- _Information_:
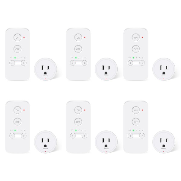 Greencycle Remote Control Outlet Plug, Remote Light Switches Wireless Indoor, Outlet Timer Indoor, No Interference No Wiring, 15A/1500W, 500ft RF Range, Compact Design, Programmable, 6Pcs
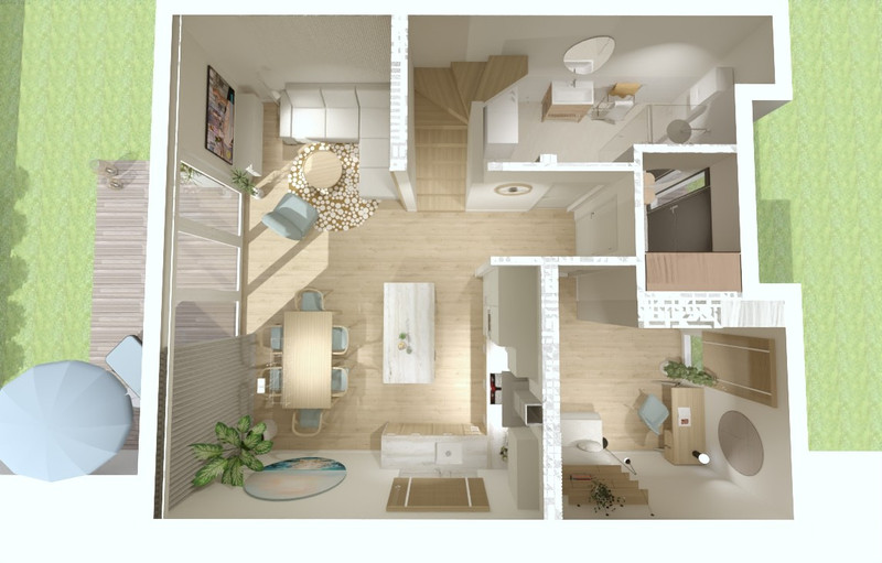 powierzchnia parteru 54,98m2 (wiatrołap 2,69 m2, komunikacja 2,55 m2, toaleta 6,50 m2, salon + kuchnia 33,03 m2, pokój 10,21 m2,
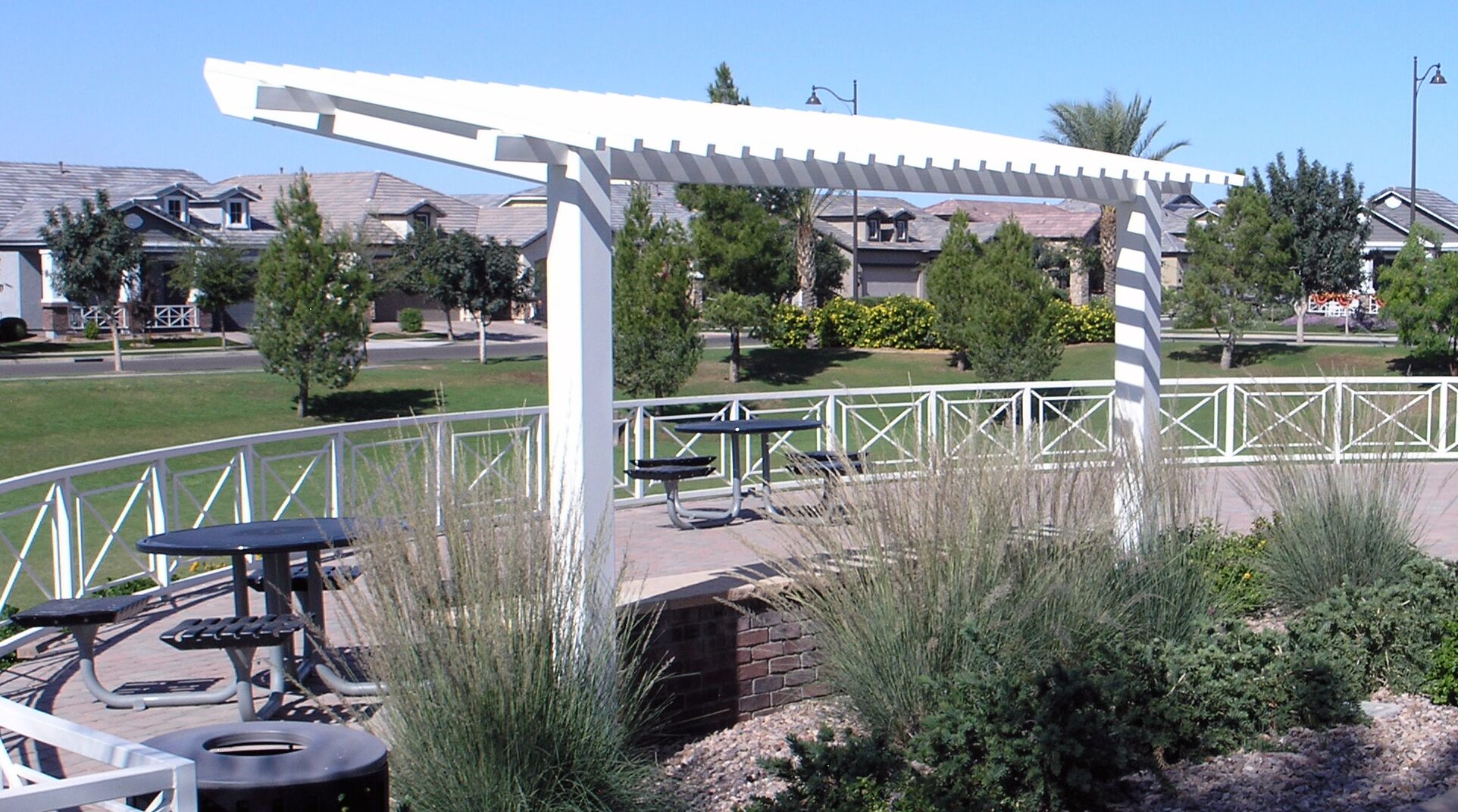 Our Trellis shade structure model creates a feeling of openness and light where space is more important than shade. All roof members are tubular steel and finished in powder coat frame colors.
* * *
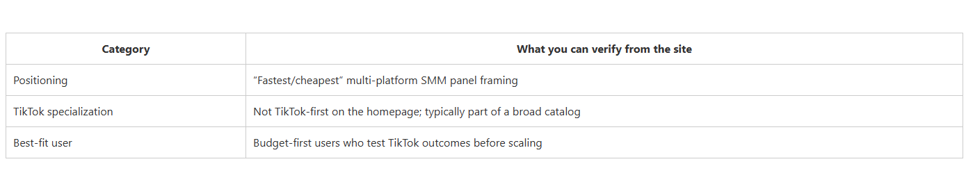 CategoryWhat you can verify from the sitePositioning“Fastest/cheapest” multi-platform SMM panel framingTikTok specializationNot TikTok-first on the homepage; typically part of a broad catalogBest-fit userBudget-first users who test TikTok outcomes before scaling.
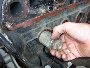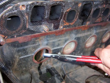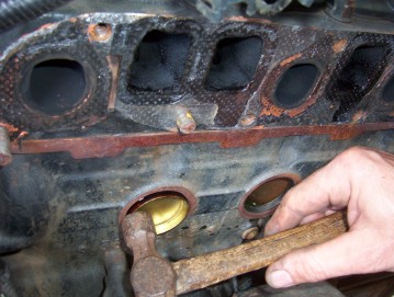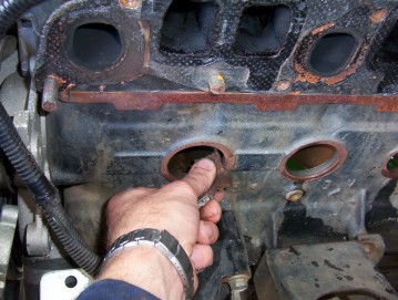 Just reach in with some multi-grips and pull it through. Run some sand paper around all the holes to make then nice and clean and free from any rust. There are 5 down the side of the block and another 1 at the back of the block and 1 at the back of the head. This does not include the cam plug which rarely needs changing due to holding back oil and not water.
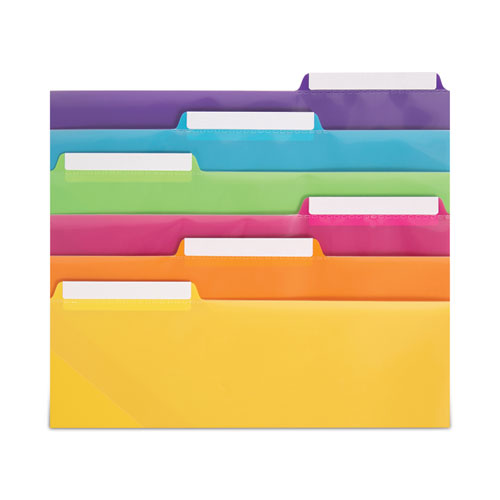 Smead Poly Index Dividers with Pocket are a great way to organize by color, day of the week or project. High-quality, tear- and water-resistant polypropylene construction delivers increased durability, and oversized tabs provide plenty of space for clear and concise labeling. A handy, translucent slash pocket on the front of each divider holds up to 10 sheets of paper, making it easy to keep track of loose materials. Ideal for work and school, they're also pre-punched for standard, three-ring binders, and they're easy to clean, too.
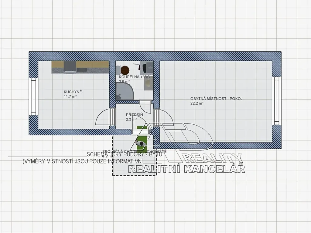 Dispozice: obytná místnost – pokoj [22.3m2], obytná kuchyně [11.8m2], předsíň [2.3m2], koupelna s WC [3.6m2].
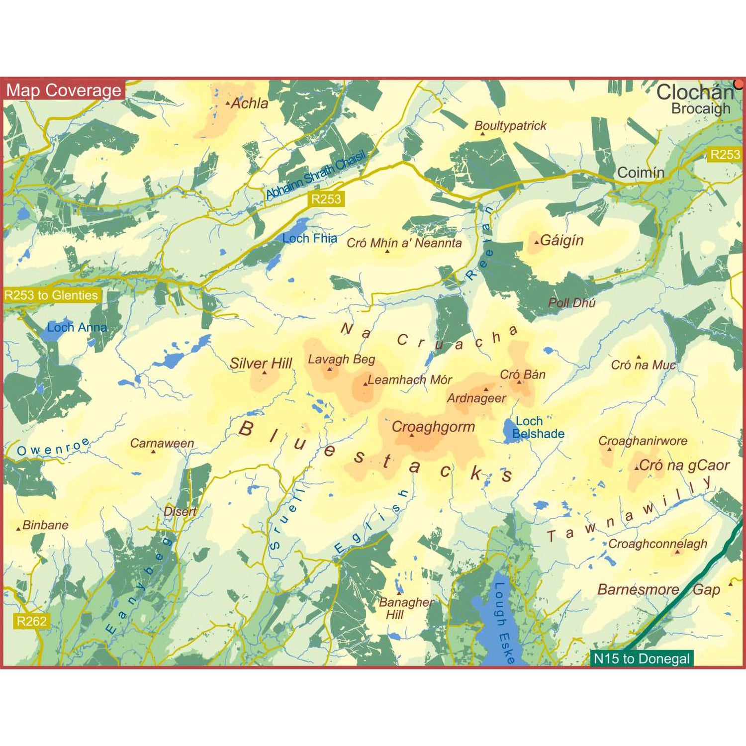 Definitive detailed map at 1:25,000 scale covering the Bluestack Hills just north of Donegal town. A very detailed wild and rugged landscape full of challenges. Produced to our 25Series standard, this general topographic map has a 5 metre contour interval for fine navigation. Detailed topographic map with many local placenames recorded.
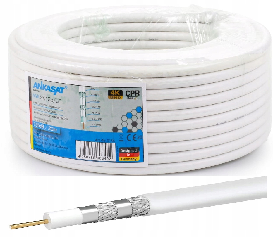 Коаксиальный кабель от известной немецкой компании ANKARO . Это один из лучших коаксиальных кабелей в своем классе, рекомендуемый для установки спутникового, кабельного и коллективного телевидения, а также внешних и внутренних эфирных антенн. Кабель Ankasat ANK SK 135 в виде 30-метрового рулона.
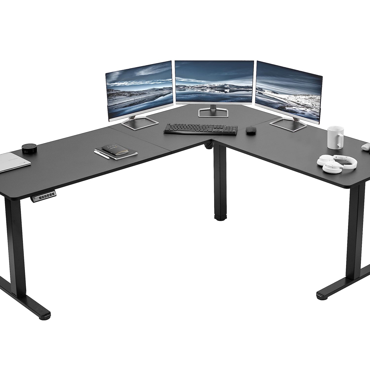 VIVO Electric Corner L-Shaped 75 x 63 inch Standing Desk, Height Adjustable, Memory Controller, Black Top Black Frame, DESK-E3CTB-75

- _Required action_: Using the listing above, restate exactly the range between the lines holding "Dispozice: obytná místnost" and "Definitive detailed map", inclusive, with pictures left out.

- _Written answer_:
 Dispozice: obytná místnost – pokoj [22.3m2], obytná kuchyně [11.8m2], předsíň [2.3m2], koupelna s WC [3.6m2].
 Definitive detailed map at 1:25,000 scale covering the Bluestack Hills just north of Donegal town. A very detailed wild and rugged landscape full of challenges. Produced to our 25Series standard, this general topographic map has a 5 metre contour interval for fine navigation. Detailed topographic map with many local placenames recorded.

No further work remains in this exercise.